Dünyanın çok kutupluluğa evrildiği günümüzde Kıbrıs sorununda Türkiye’nin elinin fevkalade güçlendiğine hiç şüphe yok. Sonuçta bu sorunu iki devlet temelinde çözümleyebilecekken Türkiye’yi adadan çıkarmayı hedefleyen ve bunu da çözüm lafının içine sokan Amerika ve İngiltere ile sonradan onlara katılan Avrupa Birliği alanda çözülmüş olan bir sorunu kabullenmek yerine değişik yol ve yöntemlerle güya çözüm bularak Türkiye’yi Kıbrıs’tan çıkarmaya çalıştılar. Fakat Denktaş’ın bizlere her zaman söylediği gibi Rum-Yunan tarafının fanatizmi Türkiye’nin önemli hatalar yapmasını engellemiş oldu.

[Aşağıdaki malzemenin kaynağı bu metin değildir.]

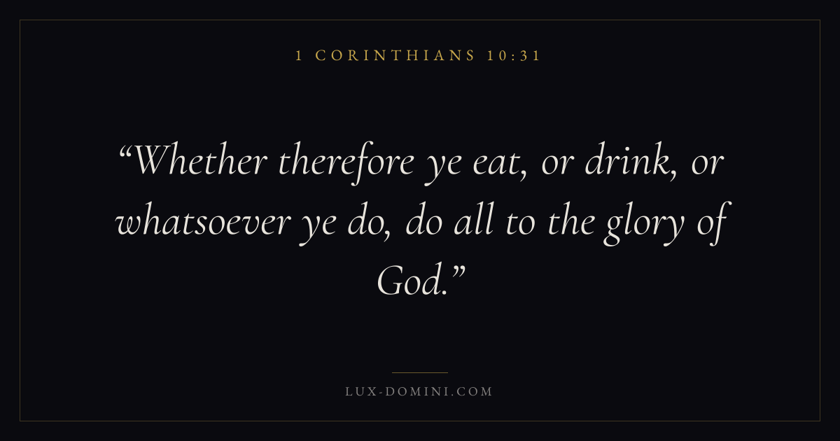 Whether therefore ye eat, or drink, or whatsoever ye do, do all to the glory of God.
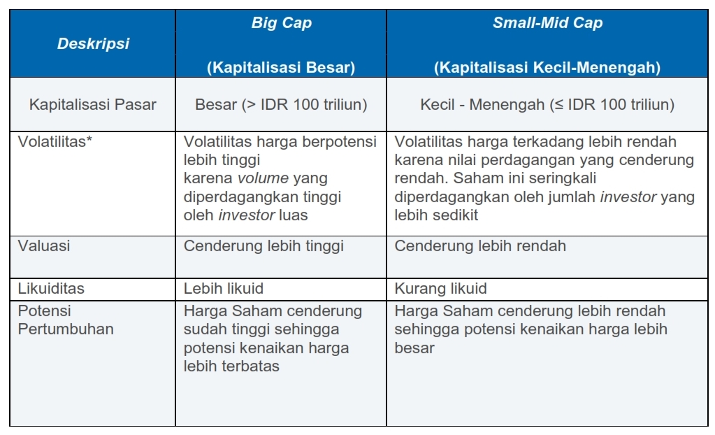Berdasarkan kapitalisasi pasar, Saham dapat dibedakan menjadi:
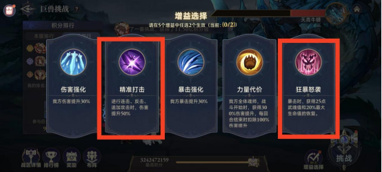 *注意!因为每期巨兽挑战的加成具有随机性,所以只能在5个加成选项中尽量选择加成更高的。
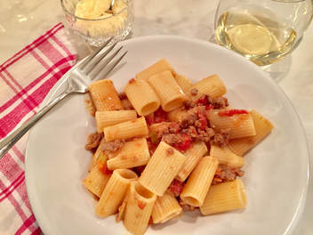 I started chopping my ingredients early in the morning and had it in the crock pot by 8 am.  By the time I returned home, the meat sauce was done. All I had to do was cool it down and refrigerate. I didn't have time to locate fresh pasta noodles such as fettuccine, so I purchased Lidia Bastianich's rigatoni. It was the perfect shape to stand up to this sturdy sauce.
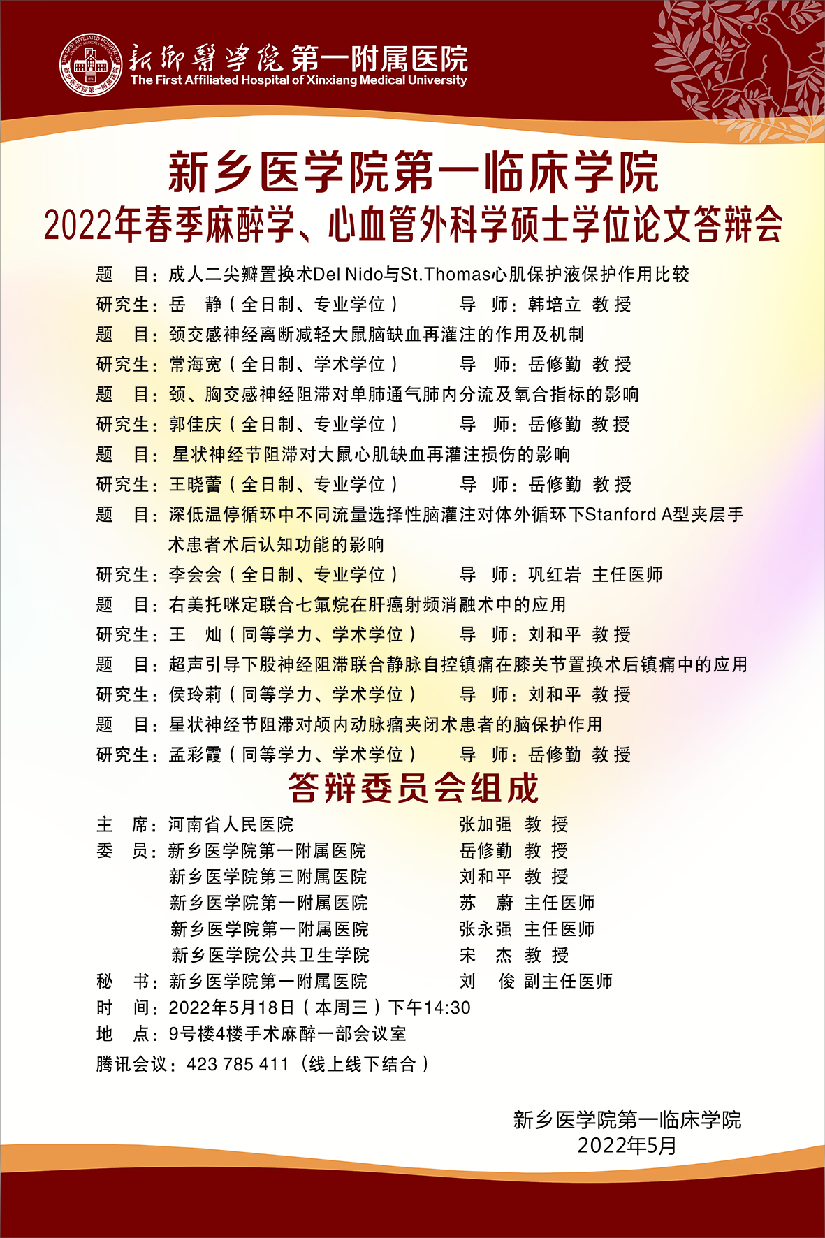 2022上半年华亿在线手机版(大中国区)第一临床学院麻醉学、心血管外科学硕士学位论文答辩会

Sorunu adeta içinden çıkılmaz hale getiren Batı dünyasının gücünün dengelendiği çok kutuplu bir dünyada KKTC’nin tanıtılması daha uygun şartlarda yapılabilir. Azerbaycan ve diğer dost ülkeler (Pakistan, Bangladeş) ve iyi ilişkiler içinde olduğumuz başka bazı devletlerle başlayacak tanınma Rum-Yunan tarafı ile ilişkileri tamamen bozulmuş durumdaki Rusya ve başka ülkelerden de gelebilir. Bunun için bir eylem planına ihtiyaç olduğuna hiç şüphe yok. Örneğin bugünlerde Gazze ve Batı Şeria’daki Filistin halkı için her şeyi yapıp, İsrail’i tam manasıyla karşımıza alırken Arap ülkelerine KKTC’yi sürekli hatırlatmak gayet yerinde olur.